Project Euler

Cake Icing Puzzle

Adam plays a game with his birthday cake. He cuts a piece forming a circular sector of angle x degrees and flips the piece upside down, placing the icing on the bottom. He then rotates the cake by...

Source sync Apr 19, 2026

Problem #0566

Level Level 34

Solved By 235

Languages C++, Python

Answer 329569369413585

Length 521 words

geometrysimulationsequence

Adam plays the following game with his birthday cake.

He cuts a piece forming a circular sector of $60$ degrees and flips the piece upside down, with the icing on the bottom.

He then rotates the cake by $60$ degrees counterclockwise, cuts an adjacent $60$ degree piece and flips it upside down.

He keeps repeating this, until after a total of twelve steps, all the icing is back on top.

Amazingly, this works for any piece size, even if the cutting angle is an irrational number: all the icing will be back on top after a finite number of steps.
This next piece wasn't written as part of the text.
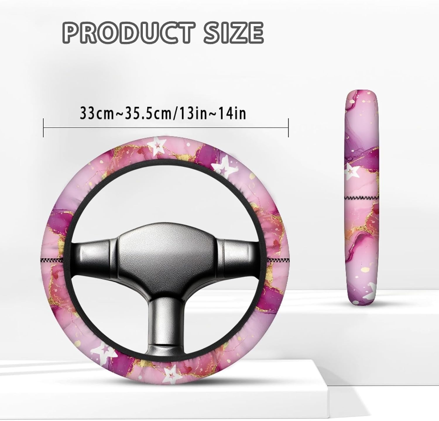 - Easy to Install: Place the cover on top of the steering wheel, pull tight the steering wheel cover from top to side, gradually lower it with both hands on either side to tighten, fix the bottom of steering wheel cover and adjust it

Now, Adam tries something different: he alternates cutting pieces of size $x=\frac{360}{9}$ degrees, $y=\frac{360}{10}$ degrees and $z=\frac{360 }{\sqrt{11}}$ degrees. The first piece he cuts has size $x$ and he flips it. The second has size $y$ and he flips it. The third has size $z$ and he flips it. He repeats this with pieces of size $x$, $y$ and $z$ in that order until all the icing is back on top, and discovers he needs $60$ flips altogether.

Let $F(a, b, c)$ be the minimum number of piece flips needed to get all the icing back on top for pieces of size $x=\frac{360}{a}$ degrees, $y=\frac{360}{b}$ degrees and $z=\frac{360}{\sqrt{c}}$ degrees.

Let $G(n) = \displaystyle{\sum}_{9 \le a < b < c \le n} F(a,b,c)$, for integers $a$, $b$ and $c$.

You are given that $F(9, 10, 11) = 60$, $F(10, 14, 16) = 506$, $F(15, 16, 17) = 785232$.

You are also given $G(11) = 60$, $G(14) = 58020$ and $G(17) = 1269260$.

Find $G(53)$.

Problem 566: Cake Icing Puzzle

Mathematical Analysis

Icing State Representation

The circular cake can be modeled as the interval [0, 360). Each point is either icing-up (+1) or icing-down (-1). Initially all points are +1.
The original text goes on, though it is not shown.